During the workshop, stakeholders provided feedback specifying the priority interventions, value chains and work packages that can best serve the Uganda situation.



Major livestock challenges in Uganda highlighted by the participants include low feed quality and quantity, disease outbreaks, poor breeds and lack of a gene bank to aid in improved breeding, low productivity, weak market systems and farmer organisations and lack of basic information for farmers on best practices.



Reviewing the key elements of the proposal, participants noted that it is comprehensive, covering a wide range of components in value chains and the three major elements affecting productivity namely feeds, genetic improvement and animal health. In addition to being well aligned and complementary to existing government interventions, it was well-received due to its focus on generating evidence to inform policy decision making and the inclusion of women and youth empowerment. Some participants recommended that the proposal could include a focus on extension models outlining how to deliver the developed technologies and innovations in addition to the provision of a platform where stakeholders will have access to the evidence generated.

Priority interventions suggested by participants included: women and youth empowerment, capacity development in the key pillars of productivity, genetic improvement, enhanced productivity through improved feeds, vaccines research, disease control strategies and policies, reliable and accessible artificial insemination services, technologies and innovations for value addition, financing and efficient value chain linkages.

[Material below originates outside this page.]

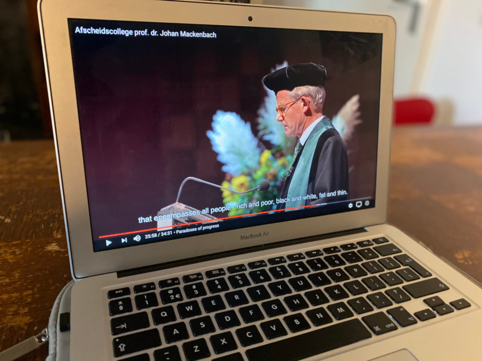 Dus stond Mackenbach vorige week vrijdag voor een lege zaal te praten. Maar het mooie eraan was dat er veel meer mensen gemakkelijk mee konden kijken online, dan bij een offline afscheidscollege. “Normaal gesproken, als je een beetje wordt gewaardeerd, komen er een paar honderd mensen naar je afscheidscollege.” Zijn afscheidscollege, dat van tevoren opgenomen was, werd vrijdagmiddag uitgezonden en live keken zo’n negenhonderd mensen mee. Dat is het voordeel van online.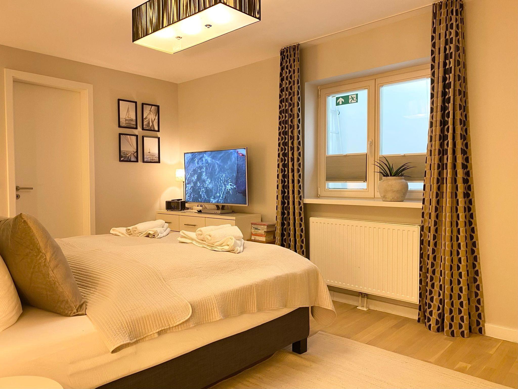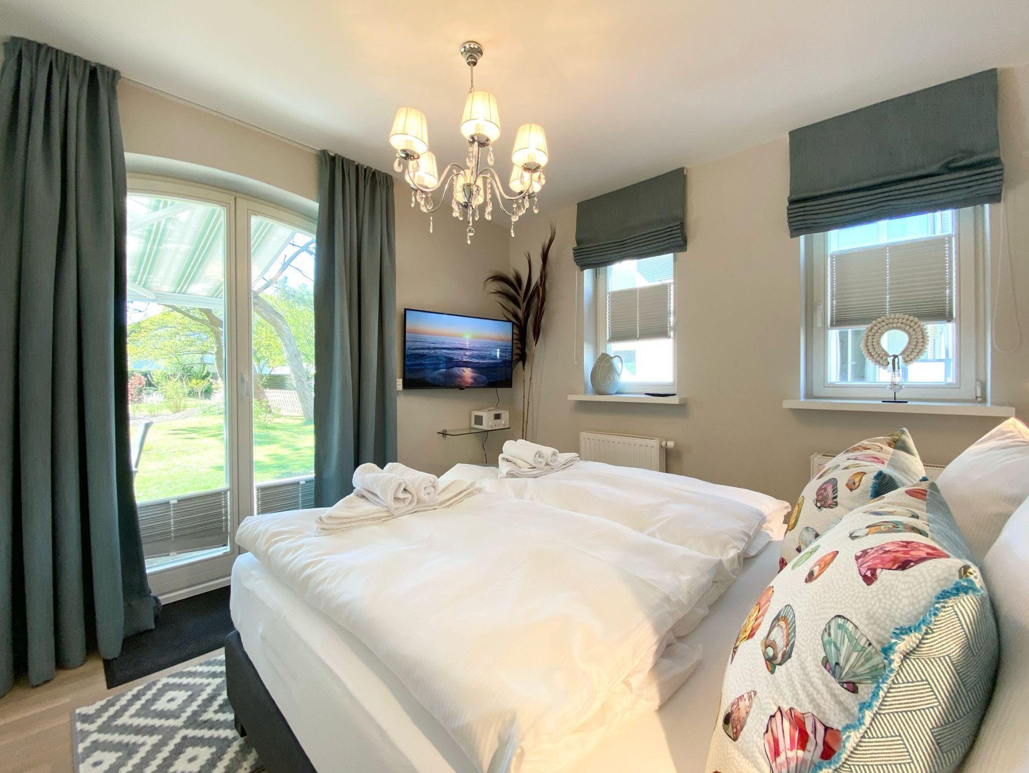 Ein Schlafzimmer im Erdgeschoss mit einem Boxspringbett (160x200 cm), TV und Digital-Radio/Bluetooth.

Participants also offered guidance on priority value chains and locations for the initiative. The proposed value chains of cattle, chickens, small ruminants, and pigs were strongly supported with participants noting they are key in the provision of animal source foods and to improve smallholder farmer livelihoods. Bees and rabbits were also recommended as possible value chains that could be included given that they serve as supplementary sources of food and income for households. For choice of locations, participants emphasized the importance of covering the North-Eastern region for cattle among the Karamoja and Teso in addition to the Central and South-Western cattle corridors. The Eastern region for local poultry, piggery in Buganda and Busoga while bees could be considered in the Northern region and rabbits in the peri-urban areas.

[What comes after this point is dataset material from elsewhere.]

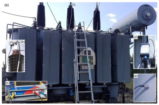 FRA and VM diagnostics on 110/30 kV, 31.5 MVA power transformer: (a) tested transformer, (b) FRA measuring clamp with cables attached to a bushing, (c) FRAnalyzer device, (d) SVAN 958 device, (e) accelerometer with magnet attached to a tank.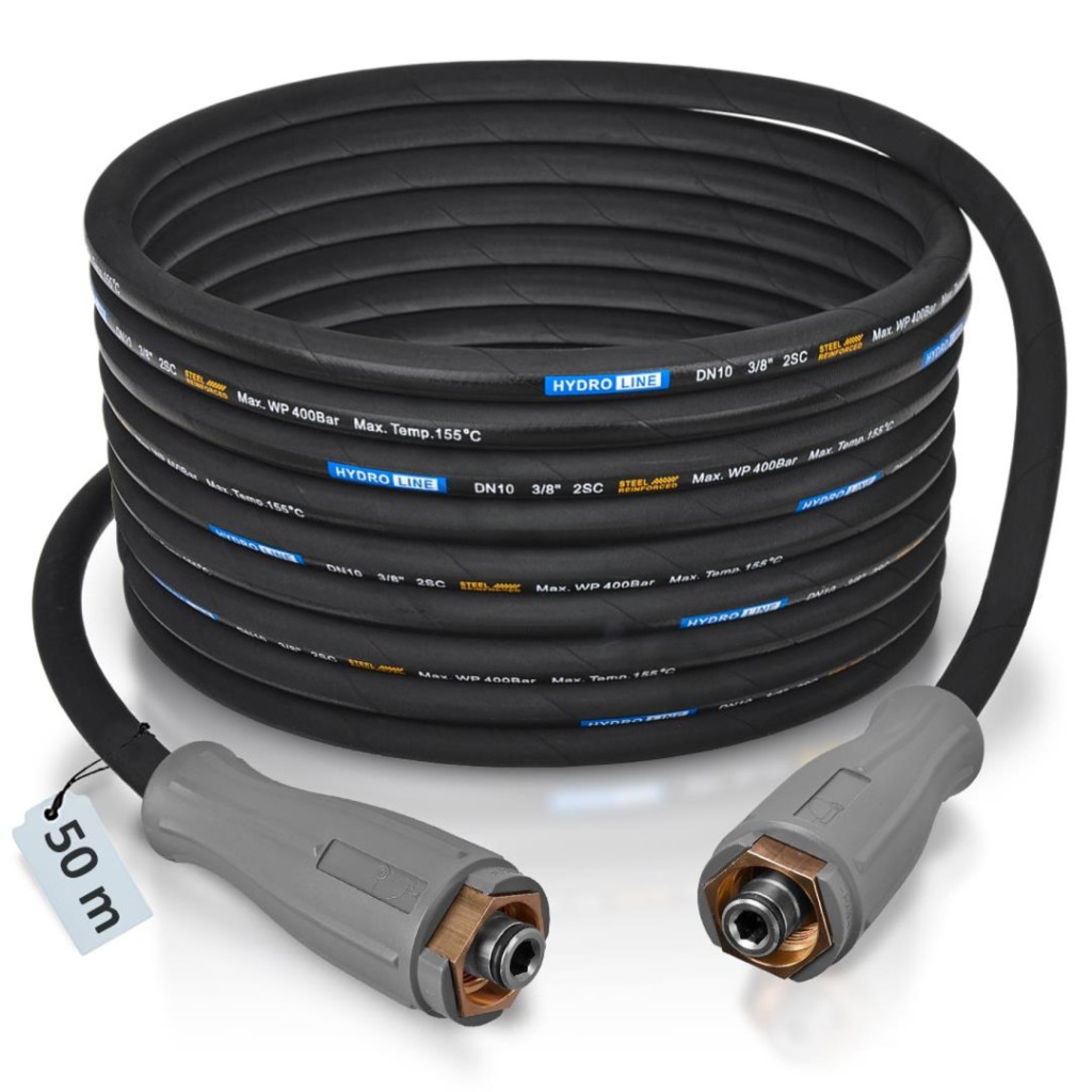 HOSSZÚ TÖMLŐIPARI FELHASZNÁLÁSRA: 50 m HydroLine DN10 2SC magasnyomású tömlő nagy munkaterülethez; ideális ipari, autómosó és szerviz környezetben

Finally, the session ended with a set of ‘advice’ to the team from participants highlighting the need to align the proposal to established government policies and initiatives, provision of pen-side diagnostic kits for key livestock diseases to promote evidence-based diagnosis of diseases, research and innovations that deter livestock theft, strengthening key stakeholder relationships within value chains, increased awareness creation on the importance of animal-source foods and benchmarking regional initiatives to inform local interventions on standards that can unlock regional markets.

In her closing remarks, Dr Juliet Sentumbwe, acting Director of Animal Resources in the Ministry of Agriculture, Animal Industry and Fisheries said that the initiative is very relevant to national development plans, adding that the ministry is committed to support and also benefit from the capacities provided and evidence gathered for decision making. She added that it is important to align with government priorities such as value addition, feeds, genetics, and animal health to improve productivity, in addition to attempting diversification into piggery, poultry and rabbit value chains that support low-income earners.